The expected response is the full listing, retyped exactly, without its images.

━━━ Data provided ━━━

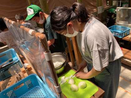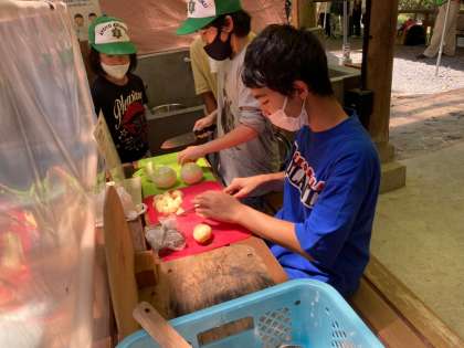 調理係さんです。 上手に包丁を使い、具材を切ることができています。
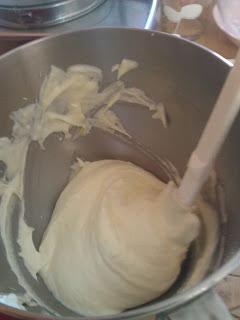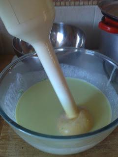 - quand la crème ivoire/pistache a bien durci, montez la en crème chantilly et remettre cette crème au frais, qu'elle soit prise ou pas
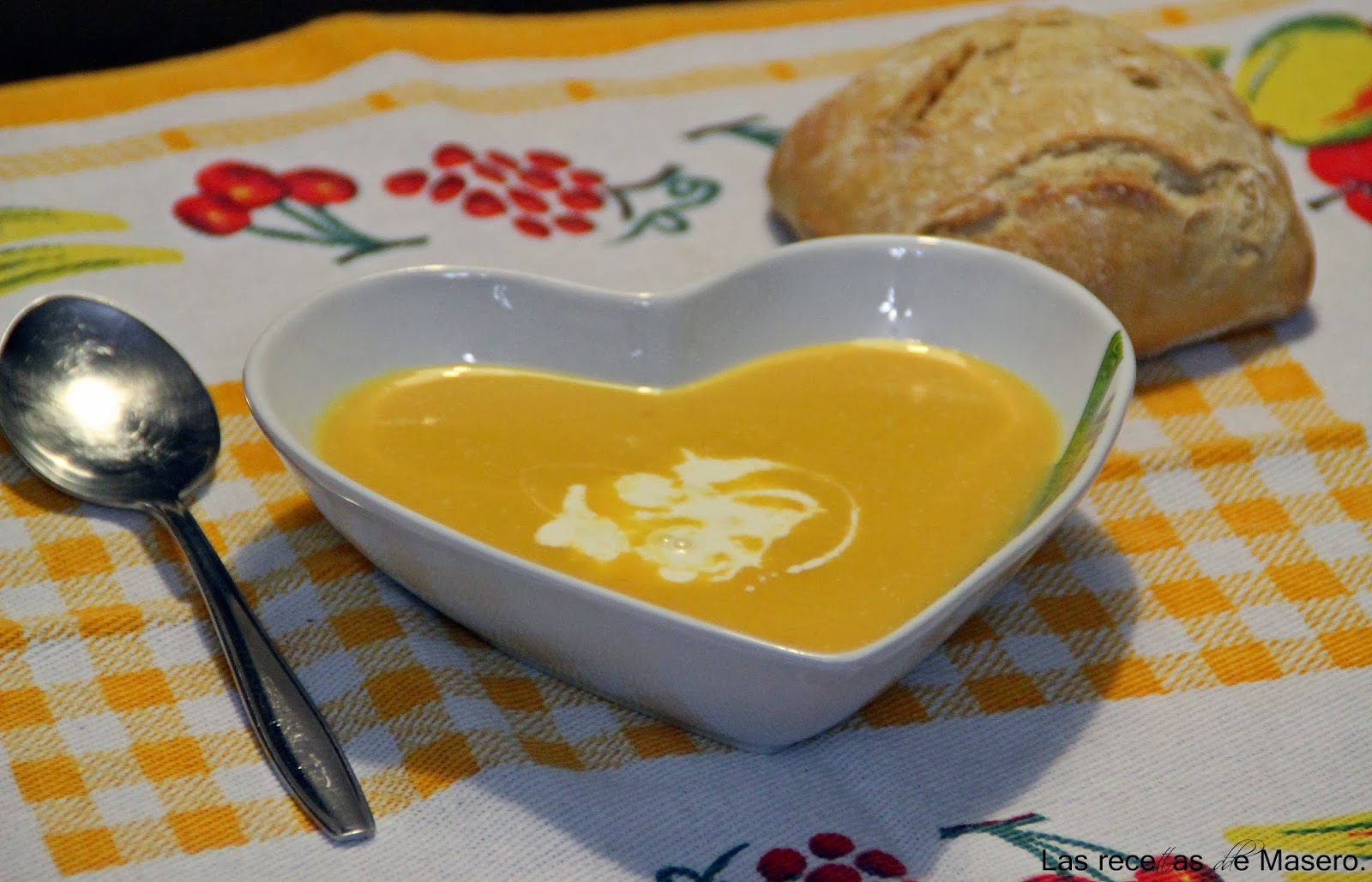 La receta de hoy se trata deuna sopa de calabaza, al menos así la llamaban en la web Whole kitchen, de la que tomé la receta. Pero para mi es más una crema, la he modificado un poco. En la receta original usan otra variedad de calabaza, yo usé la amarilla, pero salió riquísima.

━━━

_Problem solution_
 調理係さんです。 上手に包丁を使い、具材を切ることができています。
 - quand la crème ivoire/pistache a bien durci, montez la en crème chantilly et remettre cette crème au frais, qu'elle soit prise ou pas
 La receta de hoy se trata deuna sopa de calabaza, al menos así la llamaban en la web Whole kitchen, de la que tomé la receta. Pero para mi es más una crema, la he modificado un poco. En la receta original usan otra variedad de calabaza, yo usé la amarilla, pero salió riquísima.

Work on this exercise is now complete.